Moi, ce dont j'ai hâte, c'est du mois d'août. Les rares soirées où la nuit ne m'aura pas trop fait boire, je me coucherai peu après minuit pour mettre mon réveil à dix heures. Je me lèverai alors, j'embrasserai Jude qui dormira encore à côté de moi, je m'habillerais d'un t-shirt et d'une culotte parce qu'il fera très chaud dans notre appartement. J'irai à la cuisine faire du café, je le verserai dans une belle tasse en porcelaine, j'y mettrai deux sucres et je m'installerai sur la terrasse avec un gros livre qui me fera mal aux bras. Sonia, déjà levée depuis des heures me rejoindra pour me demander comment j'ai dormi et puis le chat - un petit chat tout gris - viendra nous réclamer des croquettes et des câlins. Je tournerai les pages au fur et à mesure que le soleil me hâlera doucement la peau, il y aura des melons frais dans le frigo et j'en piquerai un pour le manger en finissant mon douzième chapitre. Le cendrier sera déjà rempli, la deuxième tasse de café bue.
A midi trente les portes de ma chambre et celle d'Aurélien s'ouvriront quasi simultanément parce que l'odeur de la tarte aux légumes qu'on a préparées avec Sonia aura pénétré dans leurs narines. Et précipitamment on s'assiéra à table, couverts en mains, salive en bouche, pour remplir nos estomacs. Puis au dessert Aurélien m'accusera d'avoir mangé le melon qu'il voulait et on rira ensemble comme des heureux personnages de films.

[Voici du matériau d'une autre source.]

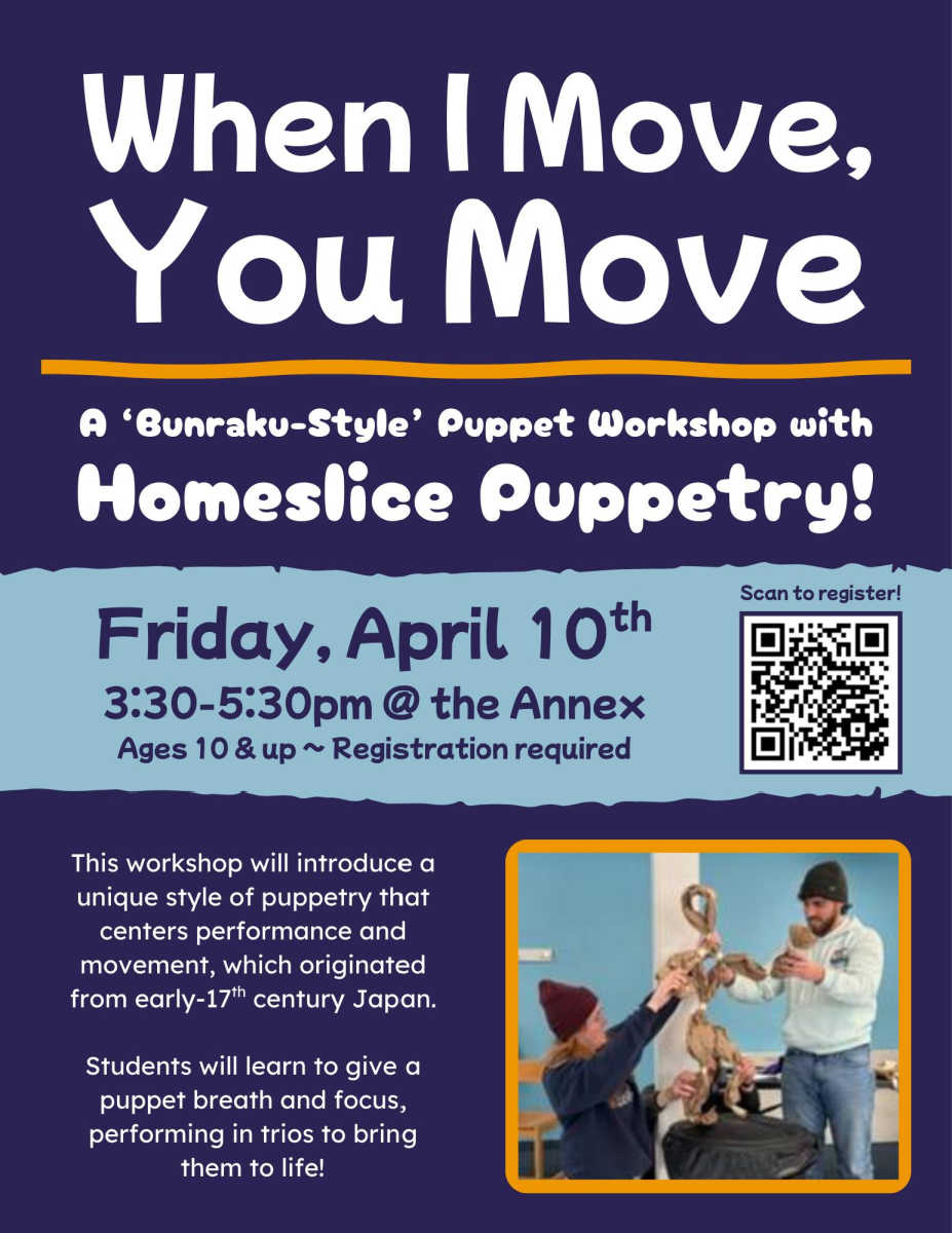 Bunraku puppets are large, highly detailed traditional puppets used in Japanese puppet theater. This art form dates back to the 17th century and is considered one of Japan’s most refined theatrical traditions. In Bunraku, the puppeteers wear black and stand in plain sight, but after a while, you hardly notice them. This visual metaphor can awaken the realization that our lives are also animated by unseen forces. Even though you see the puppeteers, your brain quickly forgets them. In this workshop, participants ages 10+ will learn a bit about Bunraku puppets, use simple materials to build their own, and perform them with others. – Registration required.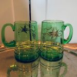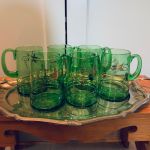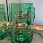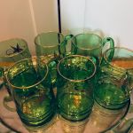 6 st väldigt härliga gröna glassejdlar med underbar "guld"-dekor - troligen från Kosta.
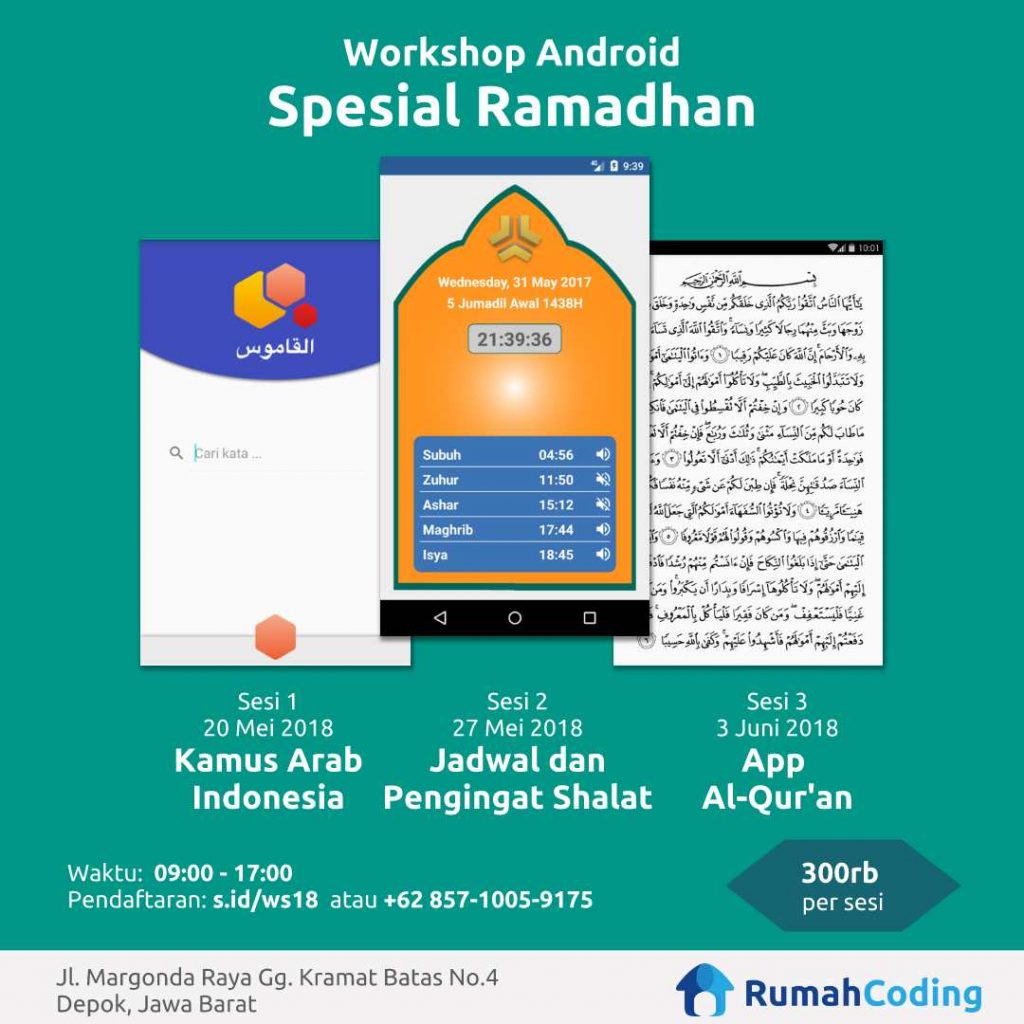 Bulan Ramadhan sebentara lagi datang, apa yang sudah anda persiapkan? Bulan Ramadhan kali ini, Rumah Coding insya Allah akan mengadakan “Workshop Android Spesial Ramadhan”. Terdapat 3 workshop di bulan ramadhan mendatang. Melalui workshop ini, anda akan langsung praktek membuat aplikasi berikut 1. Kamus Arab Indonesia Hari: Minggu, Tanggal: 20 Mei 2018 Waktu: 09:00 – 17:00 Biaya: […]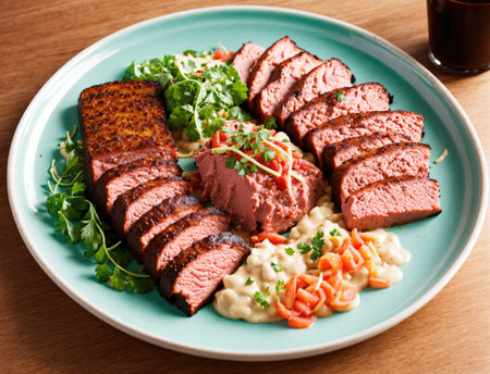 AI Generated. A plate of grilled meat with herbs on top
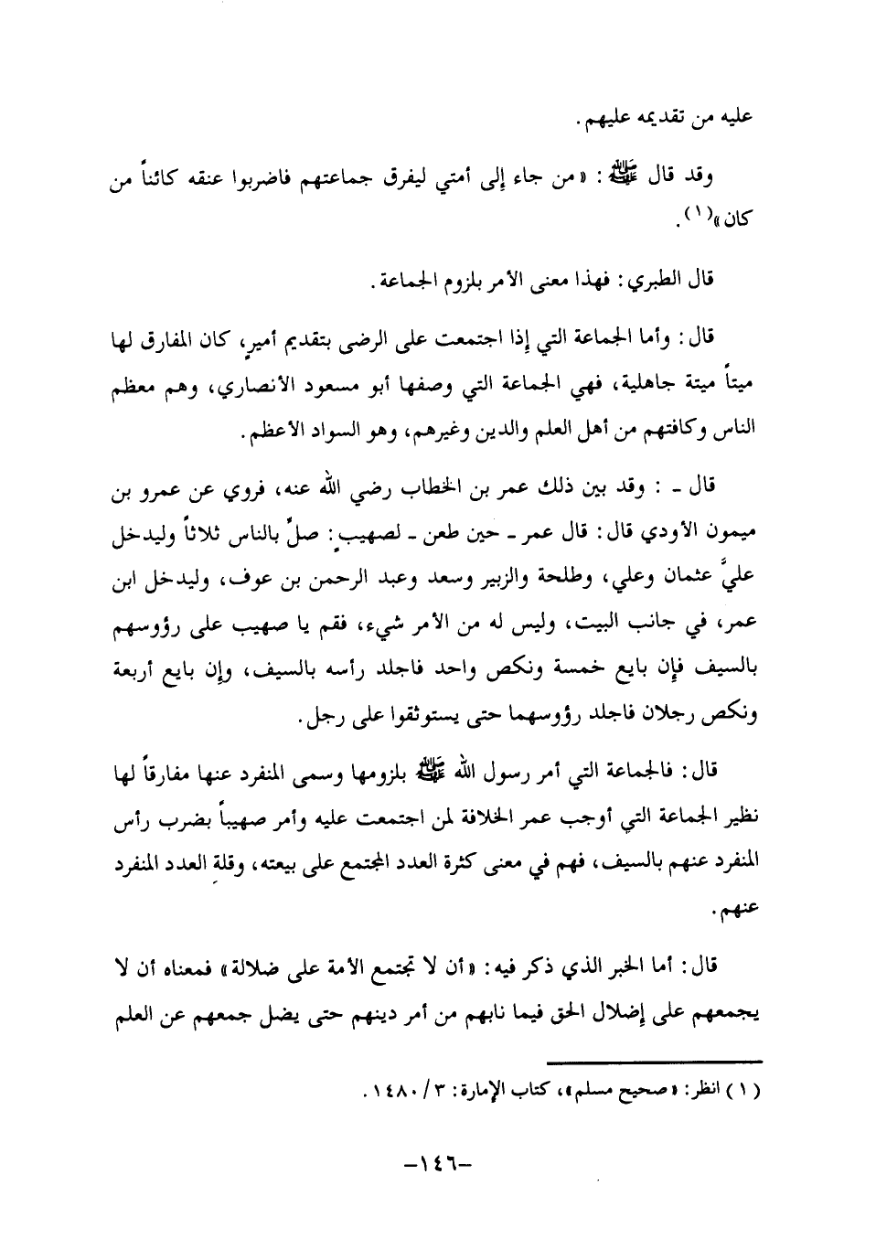 قال: فالجماعة التي أمر رسول الله -صلى الله عليه وسلم- بلزومها وسمى المنفرد عنها مفارقا لها نظير الجماعة التي أوجب عمر الخلافة لمن اجتمعت عليه وأمر صهيبا بضرب رأس المنفرد عنهم بالسيف، فهم في معنى كثرة العدد المجتمع على بيعته، وقلة العدد المنفرد عنهم.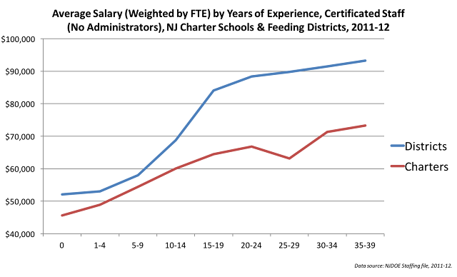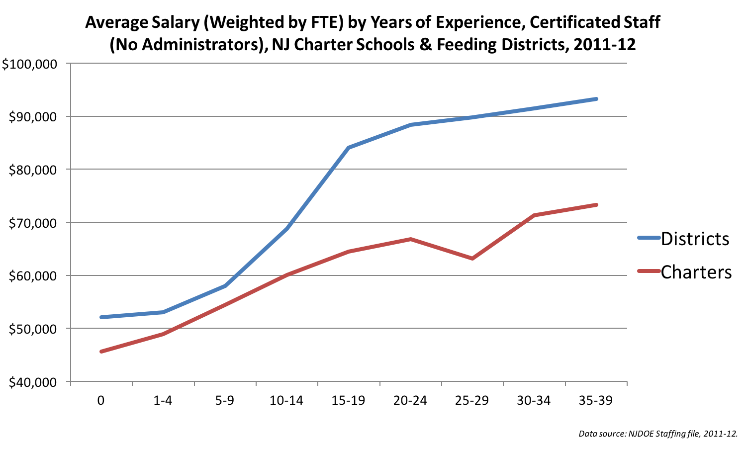 There are exceptions. As I've noted before, teachers affiliated with the largest NJ charter networks, such as TEAM-KIPP and Uncommon (North Star), pay teachers more at the outset of their careers. But the lack of experienced teachers on the staffs of these charter networks suggests they don't hang around long enough to make the high-five figure salaries* district teachers start to make around their second decade in the profession.
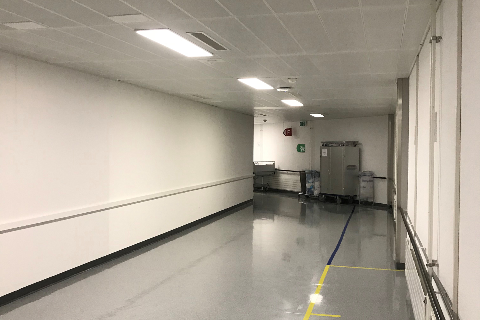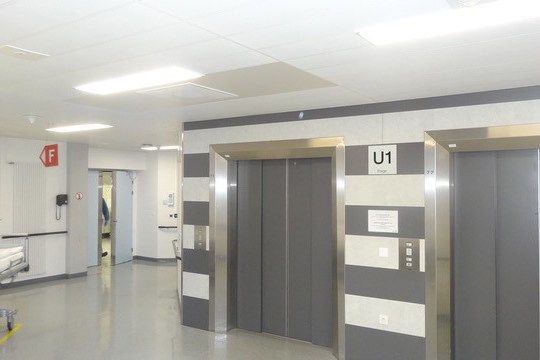 ​​​​​​​Sämtliche Korridore und Verkehrswege der Operationssäle, der Behandlungszimmer und der Neurologie wurden mit effizienten, blendungsarmen Lichtpanelen umgerüstet. Die helle und funktionale Beleuchtung wird durch Präsenzmelder mit Schwarm-Funktion betrieben. Dadurch sind sowohl der Energieverbrauch als auch der Wartungsaufwand massiv gesunken.

J'ai hâte de ces après-midis libres. Peut être même qu'on aura un tout petit jardin où pousseront des fleurs et des salades. Peut-être qu'il y aura ce jour là une nouvelle expositions au musée Beaubourg et qu'on décidera d'y aller, après tout nous n'aurons qu'à prendre le métro. Mais moi, je ne voudrai pas. arroser les plantes, je ne voudrai pas voir des tableaux, moi, je voudrai lire mes livres. J'ai une demi centaine de blocs de papier précieux qui m'attendent impatiemment sur mon étagère. Je voudrais les serrer dans mes bras les embrasser et les lire tous en même temps pour ne pas les rendre jaloux. Je voudrais tous les mettre dans mon sac, sous mon oreiller, dans mon café du matin,. Je ne veux plus les laisser mourir. je veux les manger.